The river, as broad as the Seine at Rouen, carries ships of 3-400 tons: they cannot sail beyond Lynn: the river channel is difficult and pilots are needed between Lynn and the sea: Castle Rising’s castle is a useful landmark, and one threads the channel with a bearing on the castle.  The navigation is protected in the north by a battery of twelve 18-pounders.  This battery in any other position would not last ten minutes against a 30-gun frigate but can adequately defend this passage  because the channel zig-zags and is so narrow that no warship can get into position to fire a broadside at it.

The river is perpetually salt, and in flat land like Lynn’s formed by deposits of the sea there is no possibility of fresh-water springs, yet fresh water is supplied in a most ingenious way that could be adopted in most towns.  In the south, a considerable stream  runs towards the river, and there a water –wheel  has been established to work two pumps by which the water is lifted to the height of a vast round reservoir lined with lead. (Like the defence-works, these water-works were to the north, on the Gaywood river and were known as the Kettle-mills.  Subsidiary pumps were added in the south, but Lazowski is clearly describing the Kettle-mills. They were in open country to the east of Pilot Street, beyond which everything is now a series of industrial eyesores.-Norman Scarfe ed. 1988.) This reservoir which I measured , very imperfectly, may be sixteen feet tall by twelve in diameter. At the bottom of the reservoir two stop-cocks are opened on alternate days and supply water to the whole town: one half of the town today, and the other half tomorrow.  In case of fire, one can close one stop-cock and open the other one supplying the part of the town where the fire is. The few people who are not supplied with water to their houses pay a very reasonable rate for drawing water at stand-pipes in the streets at certain hours of the day: each house has its water tank proportionate to its consumption and to the price paid. The machine that raises the water is simple, and there are few places where one could not procure clean water by such means.
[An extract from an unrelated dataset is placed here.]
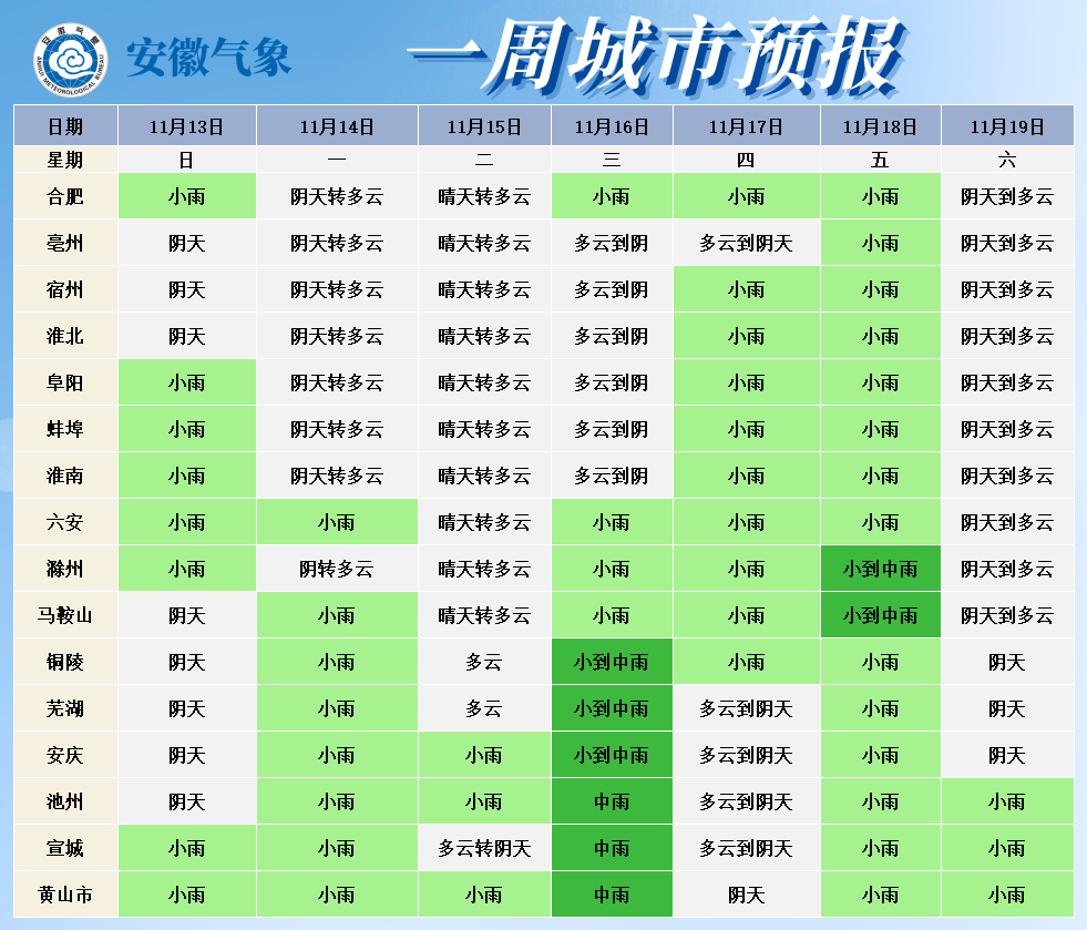 13日(周日):全省阴天,淮北地区南部和淮河以南大部分地区有小雨。
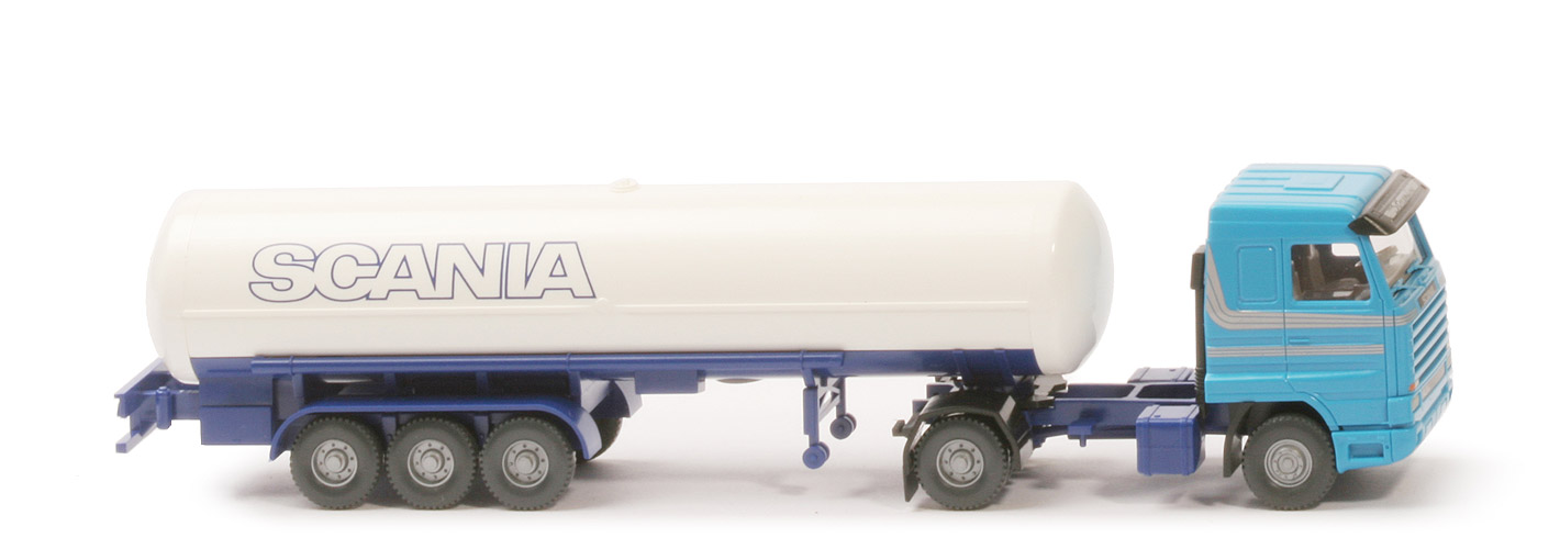 | Zugwagen | Kabine | himmelblau | Ansaugstutzen, Sonnenblende | schwarz, Sonnenblende mit Druck "Streamline" weiß | Verglasung | klar | Inneneinrichtung | ca. silbergrau, Lenkrad separat | Druck vorne | "Scania" und "143M - 500" jeweils silbern auf schwarz | Scheinwerfer | Druck silbern | Blinker | Druck orange | Stoßstange | himmelblau | Kabine unten m. Schmutzfänger | schwarz | Chassis, Kardanelement | dunkelultramarin | hier Bodenprägung | neues WIKING-Logo | Sattelpfanne | Teil des Chassis | Kotflügel hinten | schwarz | Reserverad | nicht montiert - in Tüte beigefügt | | Auflieger | Tankkorpus | weiß | Tank vorne | weiß | Tank hinten | weiß | Chassis | dunkelultramarin | Bodenprägung Chassis | WIKING Berlin-W | 3-Achsaggegat | Kotflügel rund, integriert, dunkelultramarin | Rücklichtst., Unterfahrschutz | dunkelultramarin | Hydraulikstütze | dunkelultramarin | Beschriftung Tank | "Scania" (s. Foto) | | Räder | Typ | 12mm, Felgen eingesetzt | Felgen | 8-Loch, silbern |

One can still see earthworks raised at the time of the troubles under Charles I, the trenches and ditches dug by Cromwell’s army when they besieged the town. It is now wide open..

Lazowski (also) made a detailed account of the (then) new whale-fishing in Greenland, the lowering of the boats, the harpooning of the whales, the uses of whale-bone and whale-oil: the fishing dangerous (the previous year -1783, five fishermen perished), the navigation difficult but safe: the economics of whaling.)

There are 90 Lynn vessels, but as they each make an average of ten trips a year, that equals 900 ships!  Some do as many as fourteen, but others go further afield to Malaga, or the Baltic….The ships, are busy transporting the grain harvested in this part of Norfolk and in those parts of Suffolk near the navigable rivers.  They export annually 75,000 quarters of all sort of grain and bring in coal to those parts:  the coal imported from Newcastle is, on  an average year, 120,000 chaldrons, each chaldron weighing a ton and a quarter.  The remaining imports are iron, hemp, peas, tar, timber nad planks from Sweden:  a great many of these boats leave almost in ballast, for the county’s industrial products are exported through Yarmouth.

All these imports spread into the counties bordering the waterways: this inland navigation is conducted  in flat, covered boats called lighters (i.e. barges or narrow-boats.): there are 300 of them operating every year: they are sailed with comparatively fewer hands than  other ships – six of them are towed one behind the other and need only three or four men to handle them.

Lynn has its own shipyard: they reckon the cost of building a ship is £6 a ton, but that is only for the carcase of the ship: the rigging and everything that’s needed to equip it come to £1,200 for a ship of 300 tons. From A Frenchman’s Year in Suffolk  Francois de La Foucauld.